If a mad scientist was making a better bomb design, and accidentally blew up a million people through negligence, would your perspective be different? What about a bridge that collapses and kills people? Engineers go to prison for that. There needs to be accountability for, demonstrably, one of the most dangerous acts that can be done.

I would be perfectly ok with the the lab being shut down/redesigned, if a flaw in its design were found, and any negligent scientists and safety officers being removed/prosecuted.




Blaming process failures on individuals rarely yields any results. Can you give me one example of a time it worked; where merely punishing an individual without making any process changes has prevented a class of accidents since that incident to now?

My take is that any process relying on a single individual is ultimately a failure. All sorts of things happen to individuals, including losing the ability to fear the consequences (think degenerative brain disease; cancer, Alzheimer's, etc.) With the fear of consequences eliminated, your process fails open and retribution accomplishes nothing. If some scientist at a bomb lab wants to kill 1 billion people, including themselves, no punishment is going to deter them. "An eye for an eye", while appealing to our reptile brains, can't scale beyond a single murder. So your process for preventing mass murder can't include it if it's to be effective.

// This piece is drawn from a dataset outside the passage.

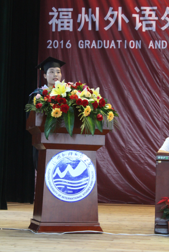 沈斐敏在典礼上致辞。他首先向2016届全体本科毕业生致以最热烈的祝贺。他说,同学们学有所成,并即将开启全新的旅程,作为校长、作为老师,他们倍感欣慰。四年光阴,成就了学子们苦读后的本领与才华,更凝聚着父母、老师对你们的关爱与支持。他叮嘱同学们始终怀有一颗感恩的心,不辜负这份厚爱与期望。作为校长,更作为长辈,他希望即将踏入社会的毕业生们做一个德才兼备的人:要怀“善心”,做到心中有爱,这将体现你们的涵养;要说“善言”,做到与人为善,这将体现你们的宽容;要践“善行”,做到德才兼备,这将体现你们的修为。做到这些,便可大胆地跨出福外的大门,勇敢肩负起时代赋予的重任,志存高远、脚踏实地,放心去追寻心中的梦想。他叮嘱同学们,也要记得常回家看看,保持与母校的联系。他和母校老师们一道,静候你们佳音频传。最后他祝福学子们乘风破浪,前程似锦!在未来的日子里幸福、快乐!

Punishment doesn't bring your loved ones back from the dead. All we can hope for is a system that doesn't fail so easily next time.


I actually assume the policy is fine. Part of policy is, necessarily, enforcement. In any safety critical policy, there is someone that holds final accountability. That accountability is the pressure, the policy, that guarantees the policy is followed. This is why we have the enforcement of laws, and not just the laws themselves. Criminal negligence is a possibility, happens frequently, and is enforced often, around safety critical systems. If there’s no enforcement, then the policy is fiction.

I highly recommend you look into accountability, in safety critical systems. There are many many decades of policy/data that show accountability is a necessary component. Is what keeps them honest/careful.

(I’ll try to be back with references and a good example)


> Is what keeps them honest/careful.

A better way to phrase it would be, it's what ensures that the words of the policy become actions.